Two things: I don’t like the way anger feels in my body but I am discovering how to help it leave, and for me, nature is an integral part of that process.
When anger comes it is seductive and as a human being and a storyteller, my wont is to engage my mind and immediately begin to weave words around it and harness its power.
But that red hot ball burrows its way in to me and sometimes hunkers down to stay a while and it sends out tendrils, armies, missionaries. It burns.
So what I’ve learned is that anger has to reside in my body sometimes, but I don’t have to help it stay any longer. I don’t have to soften the space where it hangs out, change the sheets and offer fresh towels. I only have to acknowledge it, nod my head at it, and keep it from connecting with my stories. My stories are meant to heal, to illuminate, to open understanding, and anger sucks the life out of them and makes them hard and mean. Even if it feels powerful and purposeful. That is the seduction.
A wise friend once told me that it’s important to help move anger through my body – that movement makes it hard for the hot twist of resentment to stay. And so I walk in nature. I disconnect from my head and ground myself deep in my belly. I run a cord from my sacrum to the earth and I breathe and I move, and gradually I feel lighter. Noticing the trees and moss and meandering streams reminds me that movement and coexistence, community and cooperation, connection and distinction are my sweet spot. I cannot make my priorities anyone else’s priorities. I cannot predict or prescribe what will happen when I speak my truth. But I can invite the anger to leave and fill myself up with possibility and light and let the ripples move through me out into the world.

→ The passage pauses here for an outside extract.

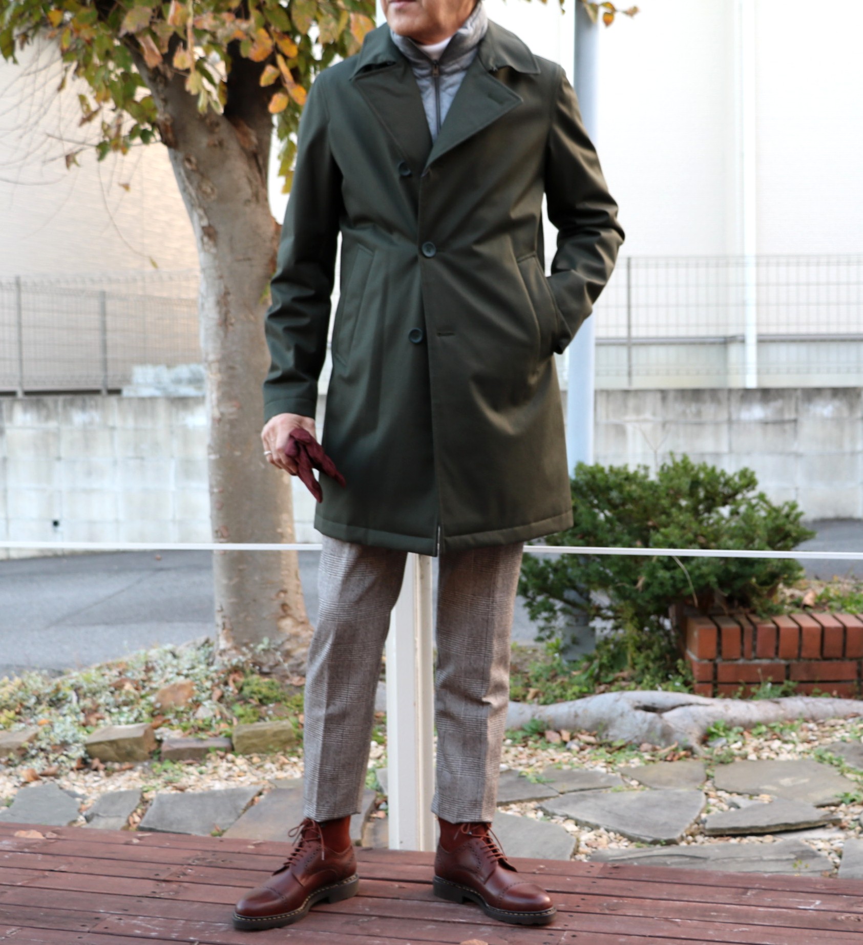 本日のご案内は、"しゃんと若さと色気を保ちながら、歳をとる秘訣"ではありません。急な冷え込みで、店頭ではダウンジャケットが動いておりますが、寒さを防ぎながら優雅に着流すコートにスポットをあてて、ご案内させていただきます。バイヤースグルのお勧め。言い換えるならば、購入意欲満々のコート達です。全て私物で合わせています。

It’s amazing to me how much space I offer to anger in my head. People, like a certain cousin of mine, a person I haven’t seen in years, who no doubt hasn’t thought of me at all, takes up way too much of my time. I am working on it. I don’t need her in my life anymore.
I'm saving this one to read and re-read. It gentles me down, reminds my spirit of its abundance and clarity. I appreciate your thoughts. Sending love!
Dear Kario, once again wisdom enlightens your thoughts. peace.
Beautifully written… I don't particularly like the angry version of myself and so when it comes I don't hold space for it too long either.